* **Work order**
For this exercise, the lines from the one with "Bupati Batu Bara" through the end of the material below must be output exactly, without pictures.

* **Records for processing**
○ ○ ○ ○ ○ ○ ○
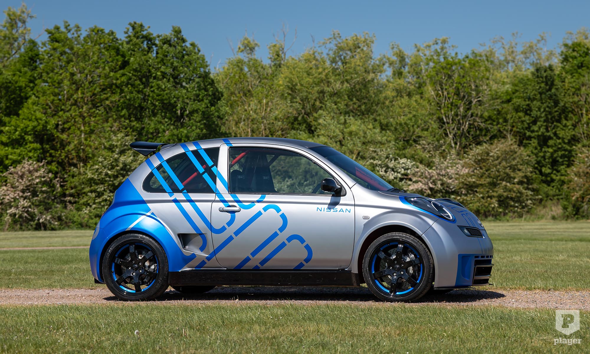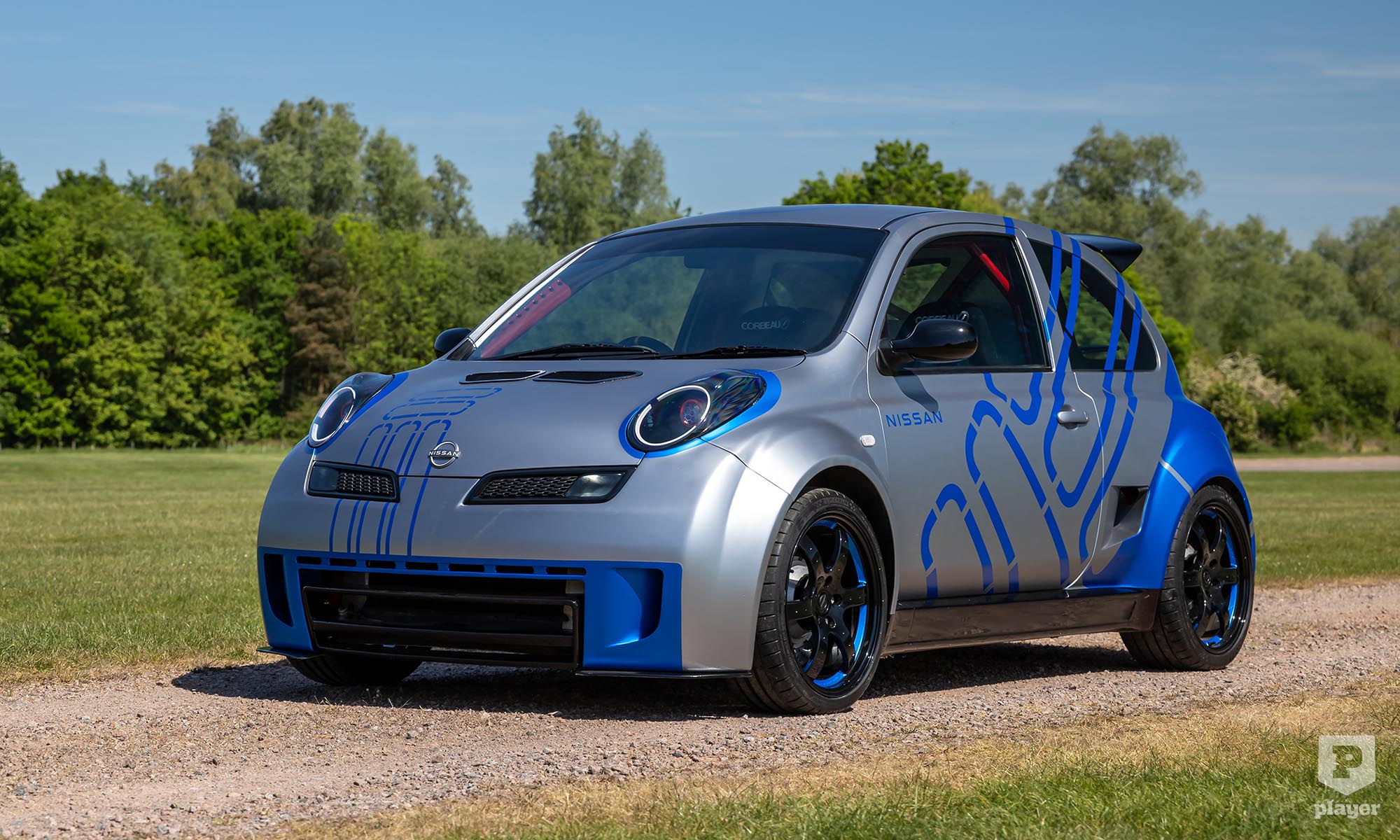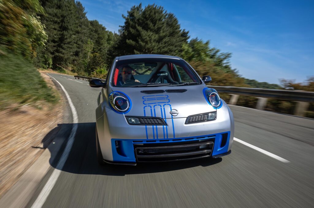 Az eredeti piros-szürke fényezés ezüstnek adta át a helyét, amire a 300ZX hátsó lámpája által ihletett kék minta került. 18 colos Rays kerekeit feketére fényezték, ahogyan a hűtőmaszkot is, és egy kicsit a belsejét is feljavították, például egy 9 colos képernyővel. Az új fényszórók kerek nappali menetfénye pedig már az elektromos Micra dizájnját idézi.
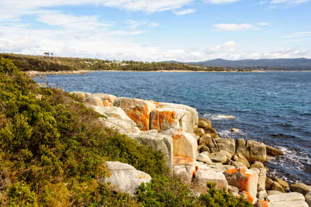 Granite boulders draped in orange lichen - Binalong Bay, Tasmania, Australia
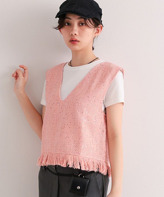 他の画像を見る 【miette】【期間限定★SALE】 スパンコールツイードフリンジショートベスト【miette ミエット】【メール便可/90】 通常価格 ¥ 7,689 価格 ¥ 3,075 税込 お気に入りに登録する
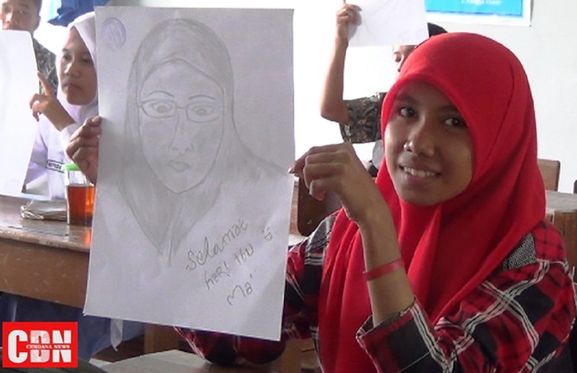 | Salah seorang siswa menunjukkan sketsa wajah ibu. |
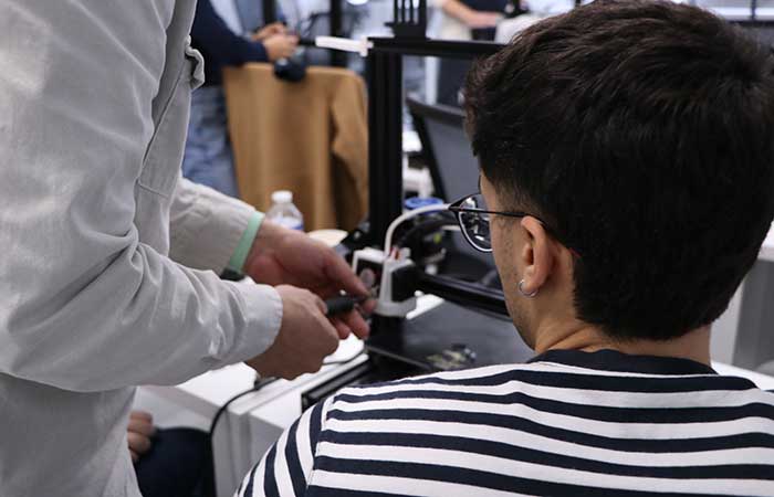 La sesión comenzó con una introducción general a la tecnología FDM y a su papel en los procesos de fabricación actuales. A partir de ahí, los alumnos se adentraron en el conocimiento de los principales componentes de una impresora 3D y en las consideraciones básicas que se deben tener en cuenta antes de ponerla en funcionamiento.
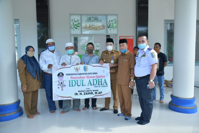 Bupati Batu Bara Ir. H.Zahir, M.AP yang didampingi Kabag kesra Adnan Haris menyerahkan papan simbolis hewan qurban menyambut hari raya Idul Adha 1441 H/2020 M di Masjid masjdi yang berada di wilayah Kecamatan Lima puluh Kabupaten...
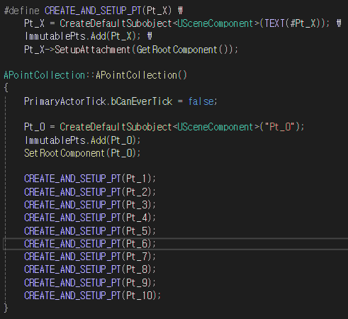 1번째부터 10번째 파편의 위치는 매크로를 사용하여 RootComponent에 Attach하는 방식으로 생성한다
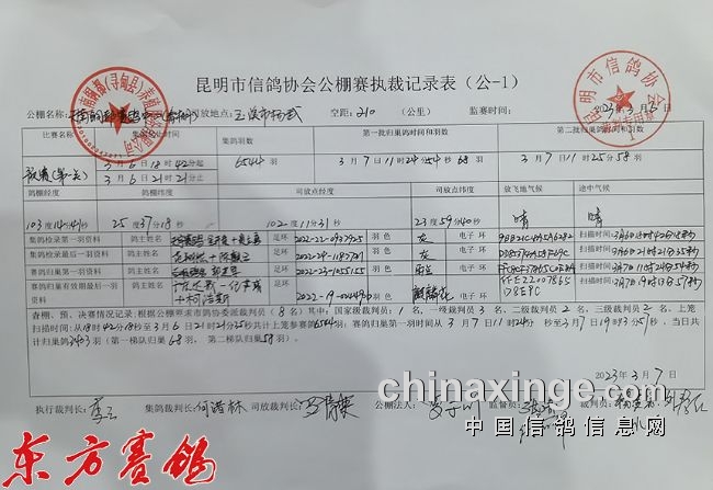 昆明市信鸽协会对集鸽和归巢执裁情况记录表。
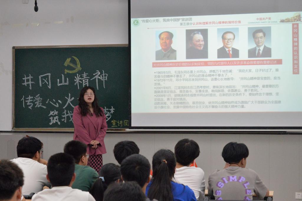 为深入学习贯彻习近平新时代中国特色社会主义思想和党的二十大精神,大力弘扬伟大建党精神,用好红色基因,赓续红色血脉。永利23411集团官网“传爱心火炬,筑我中国梦”宣讲团围绕“井冈山精神”举办了为期一周的宣讲、朗诵、合唱、话剧和知识竞赛等活动。
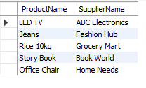 Products and Suppliers tables using a common SupplierID, so we can get the matching supplier for each product.
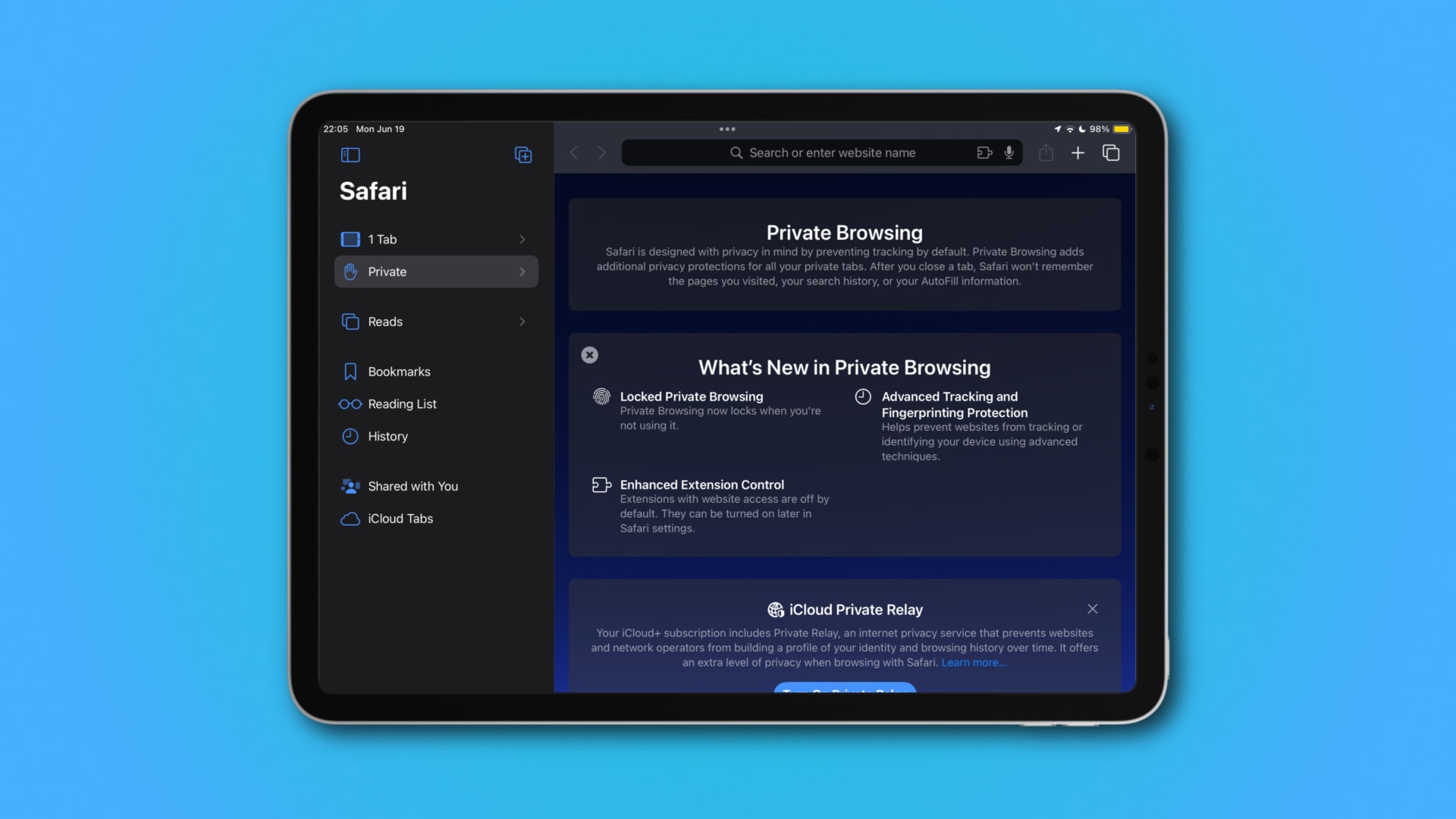 Op iOS 16 en ouder bewaart Safari privétabbladen tussen sessies als de optie om tabbladen open te houden is ingeschakeld. Op iOS 17.0, iPadOS 17.0 en macOS Sonoma of later beschermt Safari automatisch al uw privétabbladen met biometrische authenticatie.
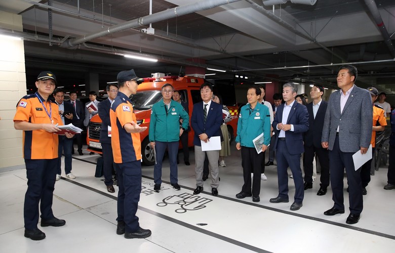 먼저 건소위는 내포신도시에 위치한 아파트 지하주차장 전기자동차 화재 대응훈련 및 화재진압 시연회에 참석했다. 이날 소방본부는 현장에서 전기자동차 화재진압 시연(질식소화포‧상방방사관창‧워터포켓)을 통해 화재진압 기술을 선보였다. 시연회는 최근 친환경 전기자동차 증가 추세에 따라 공동주택 지하주차장 등 전기자동차 화재 발생 시 효율적인 대응을 위해 마련됐다.
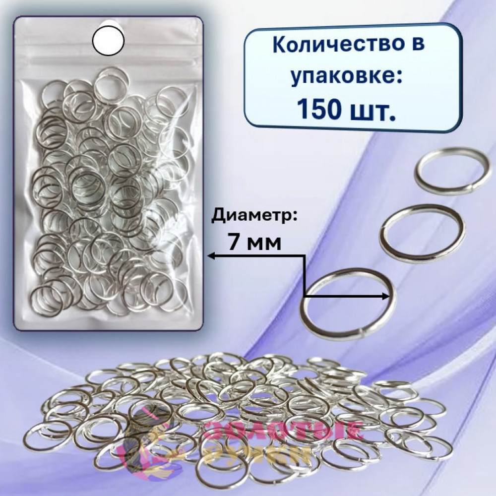 Кольцо соединительное для бижутерии. Диаметр: 7 мм. Цвет: серебро. Количество в упаковке: 150 шт.
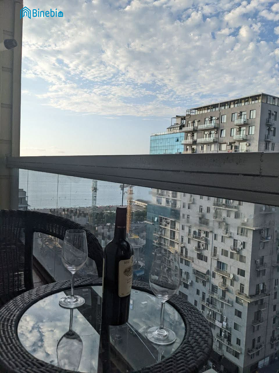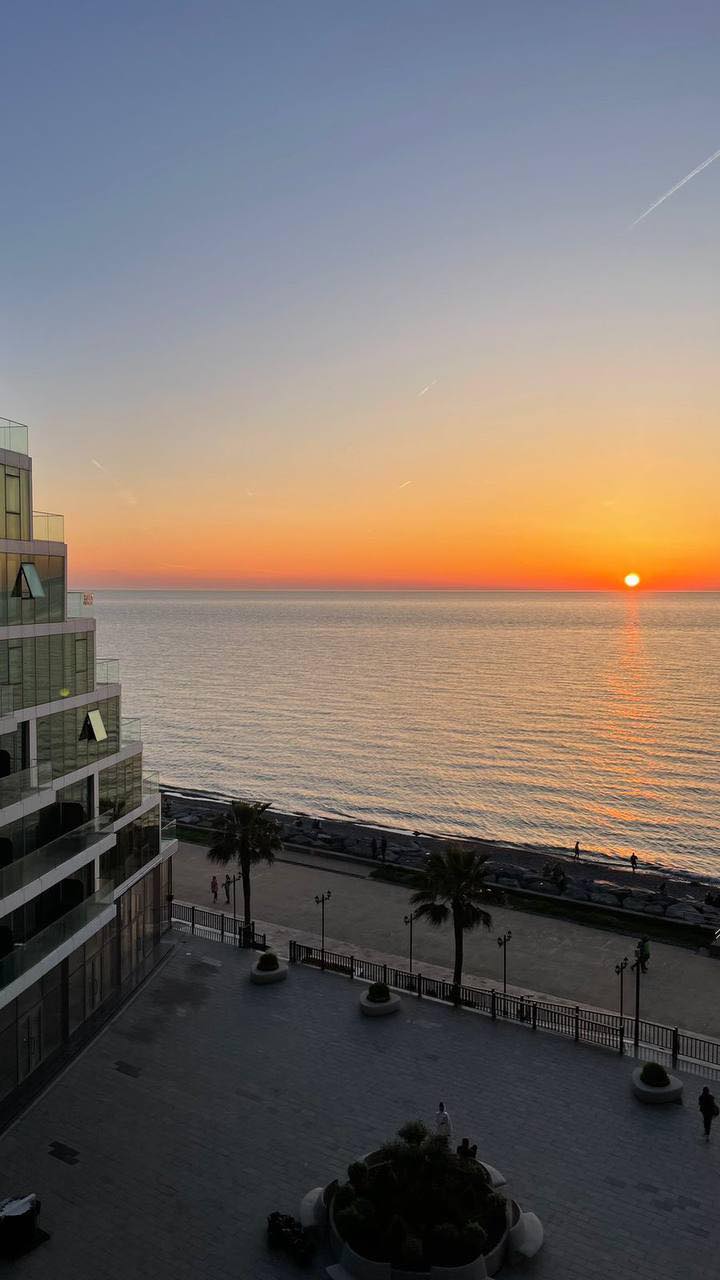 Вид из окна довольно приятный. Квартира расположена не на первой линии, но море все равно видно. Совсем скоро наступит лето, и можно будет ходить купаться.
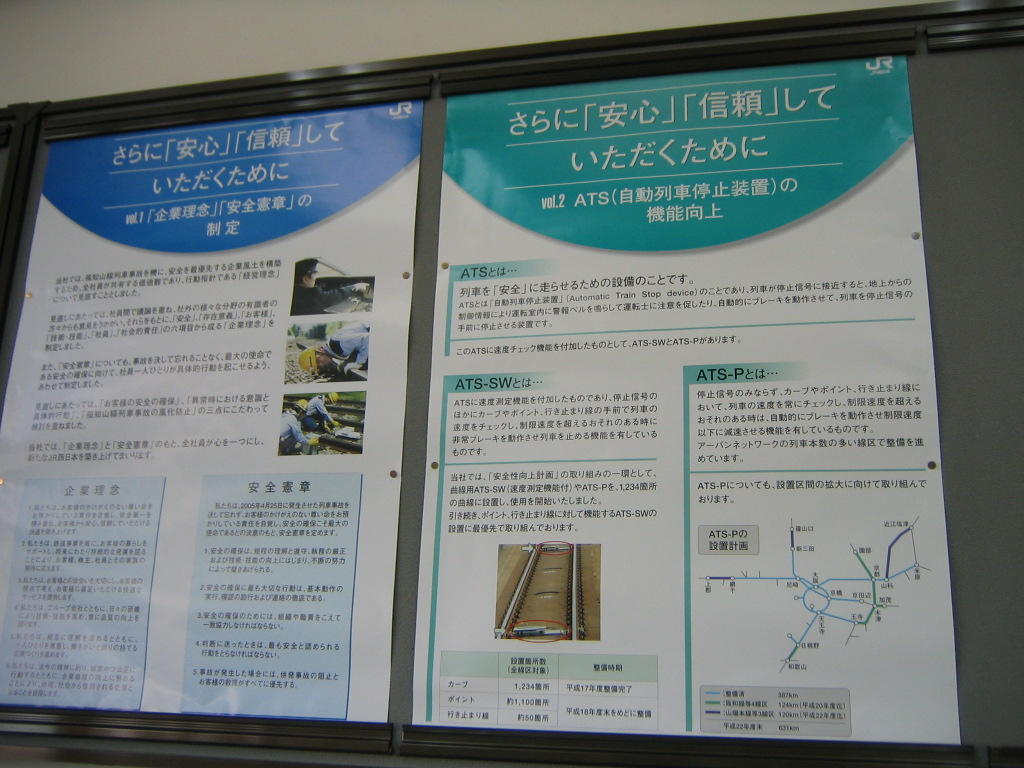 - 揭出ポスターは當然ですが JR 西日本のもの。 2005 年 4 月に起きた福知山線脫線事故を受けた ATS-P 設置計畫路線圖に大阪環狀線や大阪近郊區間が出てゐます。
○ ○ ○ ○ ○ ○ ○
* **Task result**
 Bupati Batu Bara Ir. H.Zahir, M.AP yang didampingi Kabag kesra Adnan Haris menyerahkan papan simbolis hewan qurban menyambut hari raya Idul Adha 1441 H/2020 M di Masjid masjdi yang berada di wilayah Kecamatan Lima puluh Kabupaten...
 1번째부터 10번째 파편의 위치는 매크로를 사용하여 RootComponent에 Attach하는 방식으로 생성한다
 昆明市信鸽协会对集鸽和归巢执裁情况记录表。
 为深入学习贯彻习近平新时代中国特色社会主义思想和党的二十大精神,大力弘扬伟大建党精神,用好红色基因,赓续红色血脉。永利23411集团官网“传爱心火炬,筑我中国梦”宣讲团围绕“井冈山精神”举办了为期一周的宣讲、朗诵、合唱、话剧和知识竞赛等活动。
 Products and Suppliers tables using a common SupplierID, so we can get the matching supplier for each product.
 Op iOS 16 en ouder bewaart Safari privétabbladen tussen sessies als de optie om tabbladen open te houden is ingeschakeld. Op iOS 17.0, iPadOS 17.0 en macOS Sonoma of later beschermt Safari automatisch al uw privétabbladen met biometrische authenticatie.
 먼저 건소위는 내포신도시에 위치한 아파트 지하주차장 전기자동차 화재 대응훈련 및 화재진압 시연회에 참석했다. 이날 소방본부는 현장에서 전기자동차 화재진압 시연(질식소화포‧상방방사관창‧워터포켓)을 통해 화재진압 기술을 선보였다. 시연회는 최근 친환경 전기자동차 증가 추세에 따라 공동주택 지하주차장 등 전기자동차 화재 발생 시 효율적인 대응을 위해 마련됐다.
 Кольцо соединительное для бижутерии. Диаметр: 7 мм. Цвет: серебро. Количество в упаковке: 150 шт.
 Вид из окна довольно приятный. Квартира расположена не на первой линии, но море все равно видно. Совсем скоро наступит лето, и можно будет ходить купаться.
 - 揭出ポスターは當然ですが JR 西日本のもの。 2005 年 4 月に起きた福知山線脫線事故を受けた ATS-P 設置計畫路線圖に大阪環狀線や大阪近郊區間が出てゐます。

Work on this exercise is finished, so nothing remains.